Политик и публицист Ирина Хакамада побывала в гостях у Михаила Козырева, чтобы поведать о своей жизни в 90-х. Она рассказала умопомрачительные истории о том, как из-за скуки и сна решила стать депутатом, и как в этом ей помогли бандиты, какую роль она сыграла в переговорах с террористами в «Норд‑Осте», почему она смогла стать успешным политиком, не смотря на угрозы убийства и как она начинала свой путь с работы доцентом, сторожем и планов торговли вафлями.

Сегодня у меня в гостях Ирина Мицуовна Хакамада. Здравствуйте, коллега, поскольку вместе на этом канале работали. Помните такие штуки?
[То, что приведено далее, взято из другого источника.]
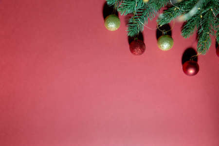 Christmas composition. Christmas red and gold balls decorations, fir tree branches on red background with hard shadows.
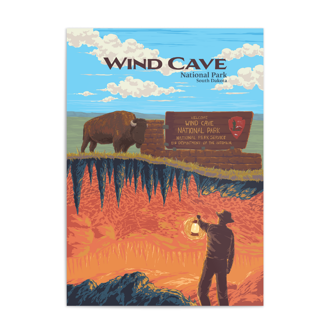An original travel poster featuring Wind Cave National Park in South Dakota, named for the vast, underground Wind Cave. Above ground, the park's prairie and pine forests are home to bison, elk and pronghorn antelopes.
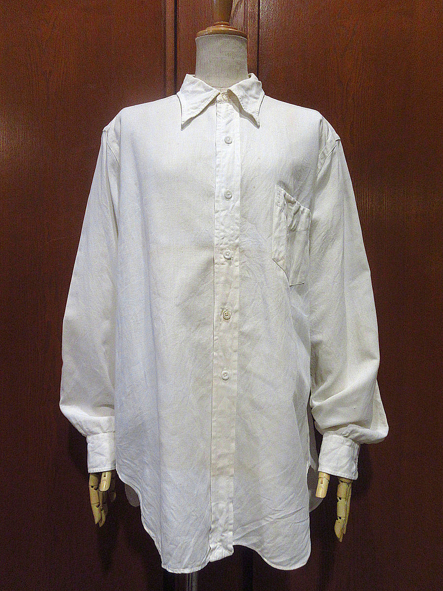 > ビンテージ30's40's●Steuart Parkコットンドレスシャツ白●241204i1-m-lssh-drsワイシャツ長袖無地
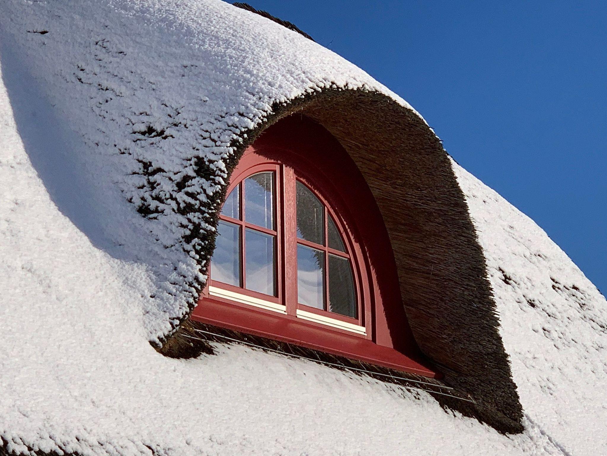 Im Obergeschoss verbringen Sie im Schlafzimmer mit Doppel-Boxspringbett unter dem „atmenden Reetdach“ erholsame Nächte und finden in der kuscheligen Lounge-Koje weitere Ruhe- bzw. Schlaf-Möglichkeiten. Ein großzügiges Vollbad mit Dusche und einer Badewanne mit Blick auf das Reetdachdorf De Poeler Drift komplettiert das Wellness Vergnügen. Die Zimmer bieten durch maßgefertigte Einbaumöbel ausreichend Stauraum für persönliche Dinge und können durch Plissees, Vorhänge und Fensterläden abgedunkelt werden.
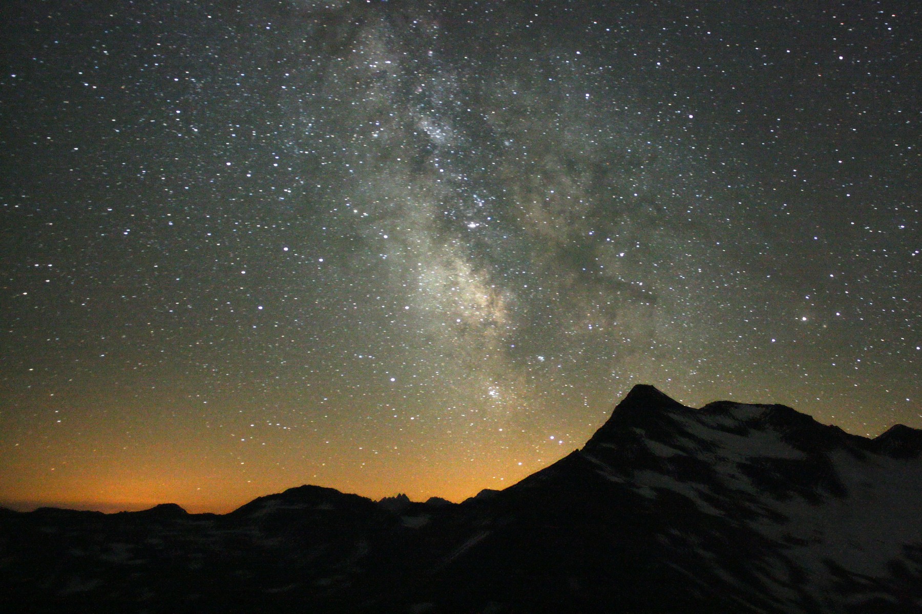 Fotografie oblohy pořízená fotoaparátem Canon EOS 1000D, expozice 3×30 sekund. Všimněte si rozmazaných hvězd v důsledku pohybu oblohy během dlouhé expozice.
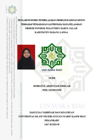 PENGARUH MODEL PEMBELAJARAN PROBLEM BASED LEARNING TERHADAP PEMAHAMAN SANTRI PADA MATA PELAJARAN FIKIH DI PONDOK PESANTREN DARUL FALAH KABUPATEN PADANG LAWAS

Помню, конечно. Как это забудешь?

И она мне была дарована, поскольку мы участвовали в вашем путешествии по стране и в процессе голосования…

С рок-н-роллом, да.

Да, с рок-н-роллом. В этот ваш эпический тур, со всеми веселыми историями, которые там происходили. Но давайте лучше начнем с начала десятилетия. Какой Ирина Хакамада встречает девяностые годы? Чем она занимается, где она находится в этот момент, на рубеже?

В 1989 году я окончательно покинула работу преподавателем в качестве доцента, и к этому времени я была кооператором. Я продавала компьютеры.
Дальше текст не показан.